US considers asking court to break up Google as it weighs remedies in the antitrust case

The U.S. Department of Justice is considering asking a federal judge to force Google to sell parts of its business in order to eliminate its online search monopoly.

In a late court filing on Tuesday, federal prosecutors also said the judge could ask the court to open the underlying data Google uses to power its ubiquitous search engine and artificial intelligence products to competitors.

Tuesday’s filing is the first step in a monthslong legal process to come up with remedies that could reshape a company that’s long been synonymous with online search.

“For more than a decade, Google has controlled the most popular distribution channels, leaving rivals with little-to-no incentive to compete for users,” the antitrust enforcers wrote in the filing. “Fully remedying these harms requires not only ending Google’s control of distribution today, but also ensuring Google cannot control the distribution of tomorrow.”

To that end, the department said it is considering asking for structural changes to stop Google from leveraging products such as its Chrome browser, Android operating system, AI products or app store to benefit its search business.

Prosecutors also zeroed in on Google’s default search agreements in the filing and said any remedy proposals would seek to limit or ban these deals.
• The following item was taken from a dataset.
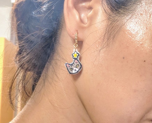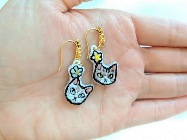 1本取りで猫を刺繍しました。 どうやってパーツに付けようか悩み中です。

These deals lock in Google services and products as the automatic choice presented to consumers, such as when Safari browsers on Apple iPhones use Google’s search engine.

Lee-Anne Mulholland, Google’s vice president of regulatory affairs, said in response to the filing that the Department of Justice was “already signaling requests that go far beyond the specific legal issues” in this case. “Government overreach in a fast-moving industry may have negative unintended consequences for American innovation and America’s consumers.”

U.S. District Judge Amit Mehta ruled in August that Google’s search engine has been illegally exploiting its dominance to squash competition and stifle innovation. He has outlined a timeline for a trial on the proposed remedies next spring and plans to issue a decision by August 2025.

Google has already said it plans to appeal Mehta’s ruling, but the tech giant must wait until he finalizes a remedy before doing so. The appeals process could take as long as five years, predicts George Hay, a law professor at Cornell University who was the chief economist for the Justice Department’s antitrust division for most of the 1970s.

In November, federal prosecutors will submit a more detailed proposal on tackling Google’s anticompetitive practices. Google in turn will offer its own ideas for how to make fixes in December. Prosecutors will then make their final proposal in March 2025.

Google has been facing intensifying regulatory pressure on both sides of the Atlantic, with European Union antitrust enforcers also suggesting that breaking up the company is the only way to satisfy competition concerns about its digital ad business.